The background fetcher is initialized as soon as the snapshotter starts. If you have not explicitly disabled it via the the snapshotters config, it will be performing network requests to fetch data during/after pulling. To analyze the background fetcher you can:

  • Look at the background_span_fetch_failure_count to determine how many times a background fetch failed.
  • Look at background_span_fetch_count metric to determine how many spans were fetched by the background fetcher. If this number is 0 this may indicate network failures.
    • Look for Retrying request within the logs to determine the error and response returned from the remote registry.

Running Container

A running container produces many read requests. If there is a read request for a file residing within a lazy-loaded layer than the read request is routed through the layers' FUSE filesystem. This path can produce several different errors:

FUSE Read Failures

Look for failed to read the file or unexpected copied data size for on-demand fetch in the logs.

Corrupt Data

  • Span verification failures can occur if the fetched data is corrupt or has been altered since zTOC creation. You can look for span digests do not match within logs to verify that this is the root cause.
  • Check to see if the zTOC contains appropriate data. You can do this by running the soci ztoc info <digest> command to inspect the zTOC. If the dictionaries are all 0-ed, the zTOC initially generated and subsequently pulled was corrupt.

Network Failures

The snapshotter contains custom retry logic when fetching spans(data) from the remote registry. By default it will try to fetch from remote a maximum of 9 times before returning an error.

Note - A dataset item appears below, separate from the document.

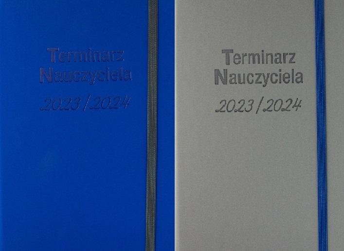 OKŁADKA - twarda, matowy laminat z tłoczeniem, z gumką 7 mm i uchwytem na długopis, tłoczenie "Terminarz nauczyciela 2023/2024" + dwie naklejkiBLOK - 140x205 mm, 140 str., papier biały 64g/m2, druk 2 kolory, kieszonka na tylnej wklejce, tasiemka, blok kalendarza szyty nićmi, kapitałka, perforacja...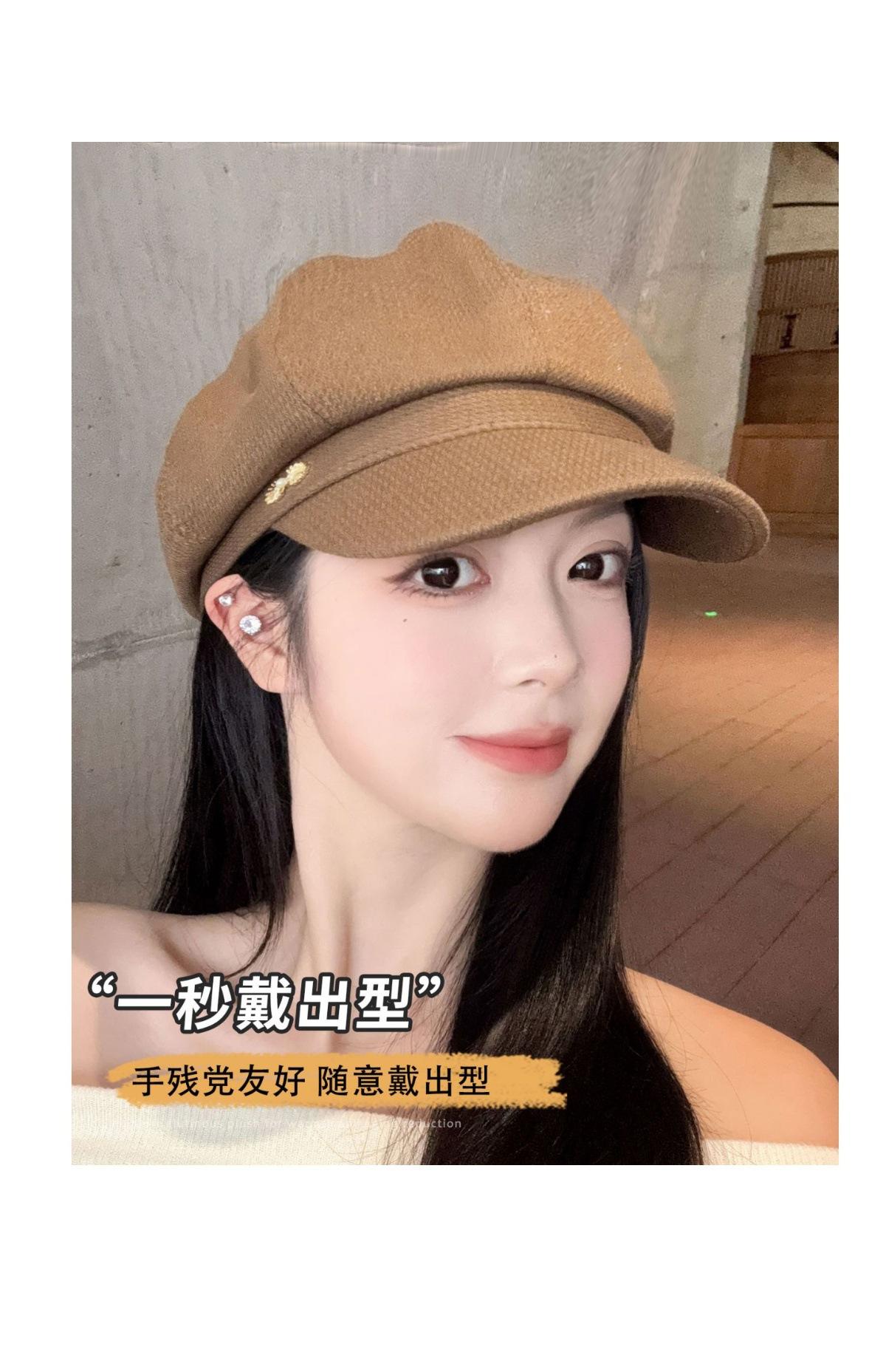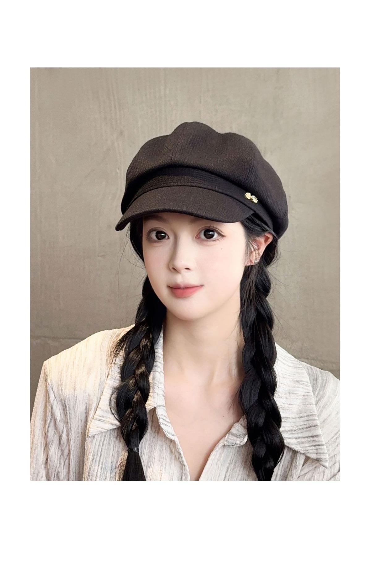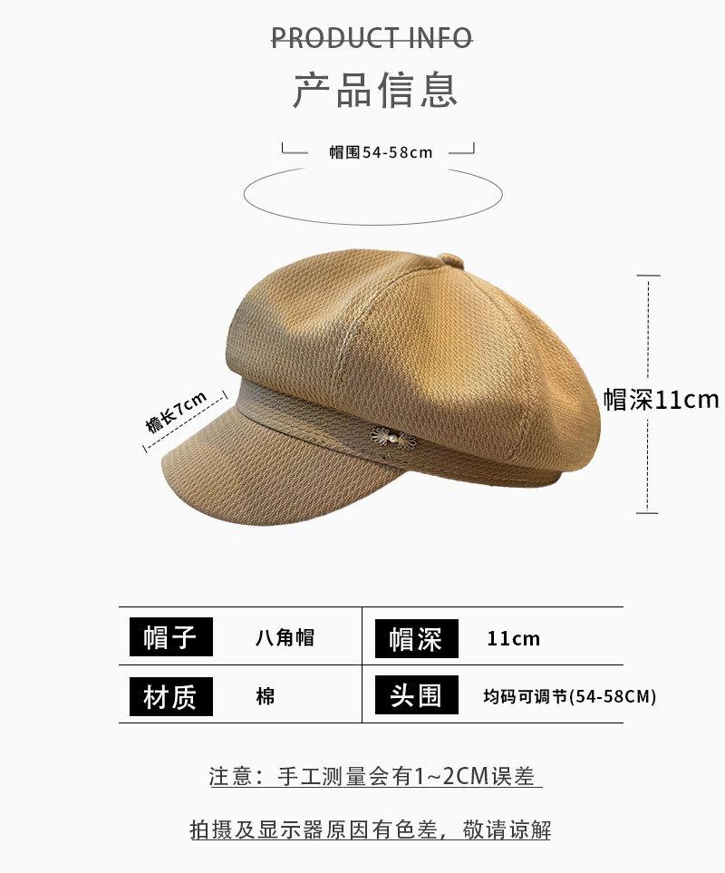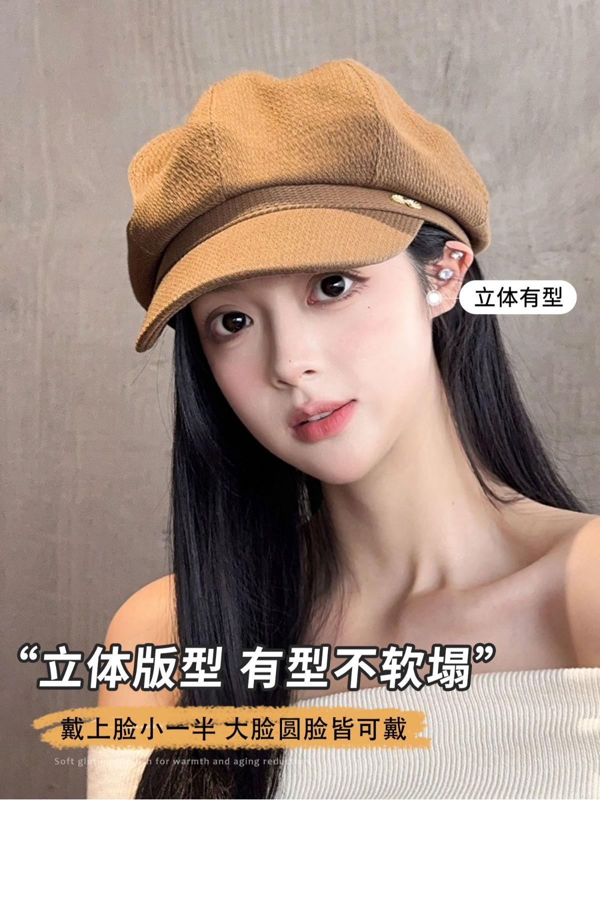 Sombrero Boina de Verano para Mujer Estilo Punk Gorra Octogonal Japonesa Cabeza Grande Retro Combinable Muestra Rostro Sombrero de Pintor Pequeño

  • You can look for retrying request within the logs to determine the error and response returned from the remote registry.
  • You can also check operation_duration_remote_registry_get metric to see how long it takes to complete GET from remote registry.

Removing an image

Removing an image additionally removes any associated snapshots. A simple sudo nerdctl image rm [image tag] should remove all snapshots associated with the image before the image itself is removed. You can confirm the image is gone by ensuring it is no longer present in sudo nerdctl image ls.

Restarting the snapshotter

While a graceful stop/restart of the process is preferred, sometimes it is not possible or simply easier to just kill the process. However, oftentimes it comes with a multitude of issues that do not allow you to start the snapshotter properly, particularly if a previously loaded snapshot is still present. For instance, if you pull from a repository that requires credentials and stop the snapshotter, if credentials are expired upon the daemon's startup, the snapshotter will fail to start properly.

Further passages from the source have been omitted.